How to optimize the speed of a Python crawler?

Source: Internet
Author: User
Currently writing a Python crawler, single-threaded urllib feel too slow to reach the data volume requirements (level 100,000 page). Q. What are some ways to improve crawl efficiency?

Reply content:

Consider multi-process + distributed clusters in different computer rooms.

The reasons are as follows:
If a single process, the bottleneck is more on the CPU.

Multi-process can efficiently utilize the CPU. But in fact most of the situation is in the network, so that the better solution is to use multiple machine rooms of multiple machines at the same time running a multi-process crawler, so as to reduce network congestion.

Implement, use Scrapy+rq-queue and then use Redis to make the queue.
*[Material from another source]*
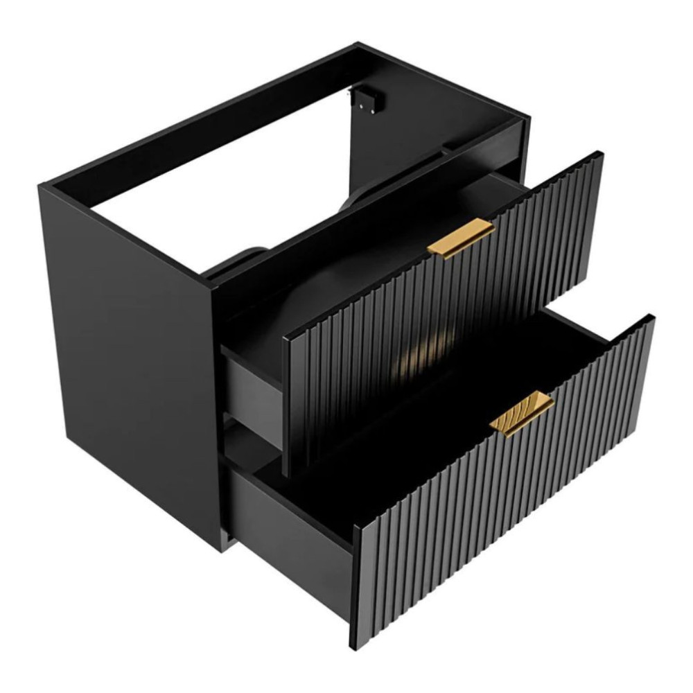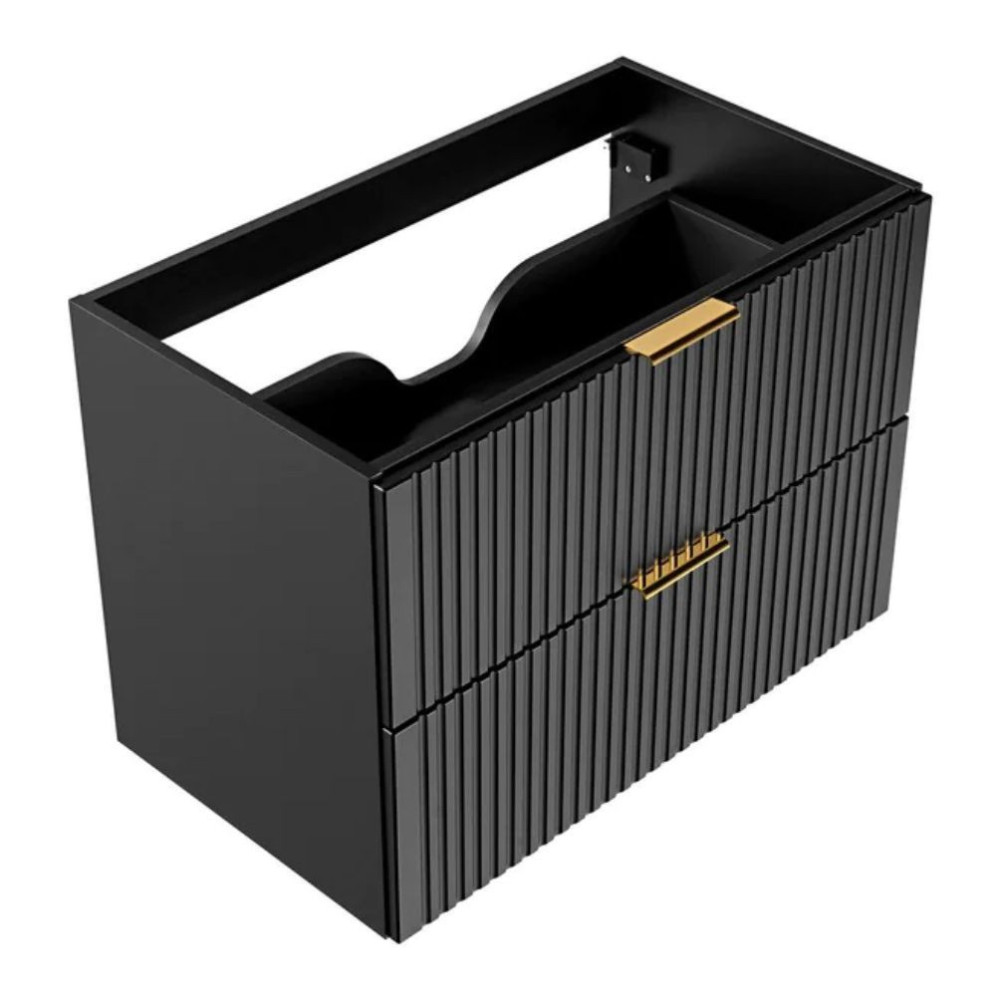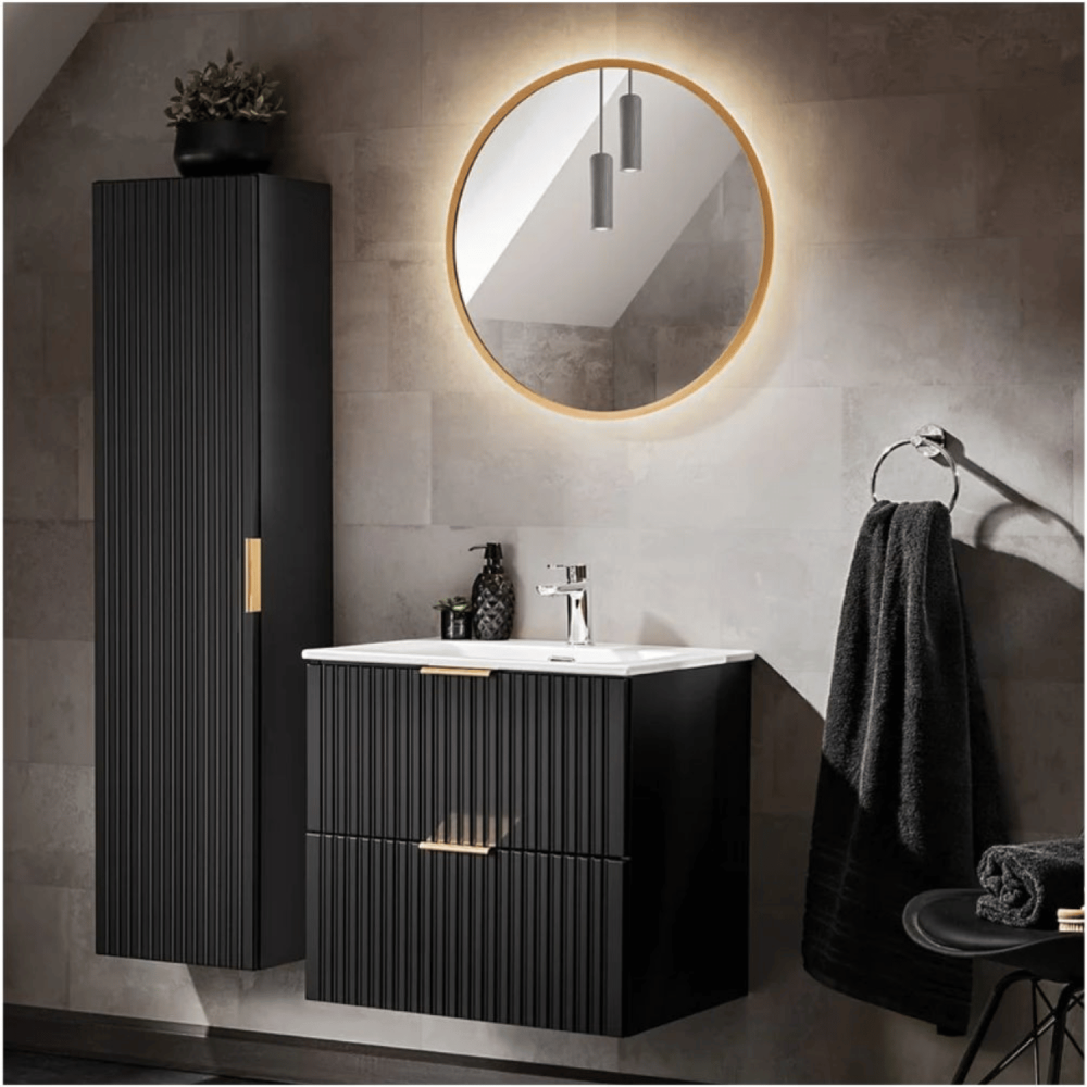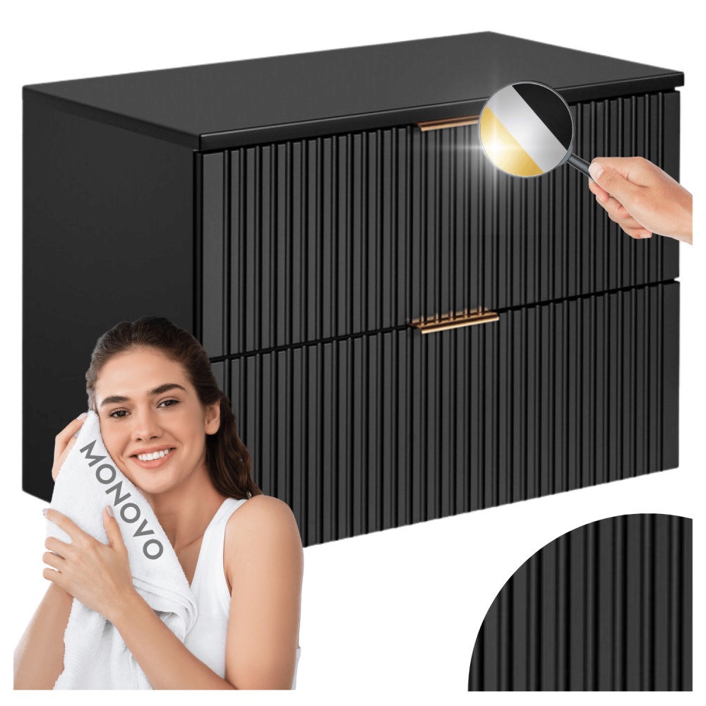 Nowoczesna Ryflowana Szafka Łazienkowa 80 cm w Głębokiej Czerni Matowej

Crawl through Douban's tens of millions of pages in this way

Please refer to my answer in another question:
How do Python crawlers get started? 1. Turn on gzip
2. Multithreading
3. For directional capture you can replace XPath with regular
4. Replace Urlib with Pycurl
5. Change to a high-bandwidth environment thanks for inviting me.
Crawler download Slow The main reason is blocking waiting to send to the site request and site return
The workaround is to use a non-blocking epoll model.
Registers the socket connection handle and callback function created with the operating system so that a large number of requests to the page can be made concurrently in single-process and single-threaded situations.
If I think I'm having trouble writing, I've used a ready-made class library: Tornado's asynchronous client
http://www.tornadoweb.org/documentation/httpclient.html
If you can't open it, increase the host or turn over the wall
Host Address:
74.125.129.121http://www.tornadoweb.orgFor Python, it is best to split the task + multi-process you can try to directly use the open source crawler scrapy, native support multi-threading, also can set the crawl rate, the number of concurrent threads and other parameters, in addition, scrapy to the crawler extract HTML content also has good support.
The Chinese introductory tutorial has also been published, can Google a bit. Gevent,eventlet,pycurl

From Multiprocessing.dummy import Pool

OpenShift above run Gevent climb 1024 also minutes of things ...
So why did I just drive 20? "Serious face"
Oh, yes. 1024 will be a short time IP, crawling with the same cookie is fine 1.dns cache
2. Multithreading
3. Asynchronous IO with handwriting such as Asynccore. See if Twisted has a non-blocking, asynchronous HTTP client framework.
Using the multiprocessing package + Utllib to do HTTP client speed is rather unsatisfactory, the thread should be good but my intuition is that Ascension is limited.
----
Recommended Gevent + grequests

  • Related Article

    Contact Us

    The content source of this page is from Internet, which doesn't represent Alibaba Cloud's opinion; products and services mentioned on that page don't have any relationship with Alibaba Cloud. If the content of the page makes you feel confusing, please write us an email, we will handle the problem within 5 days after receiving your email.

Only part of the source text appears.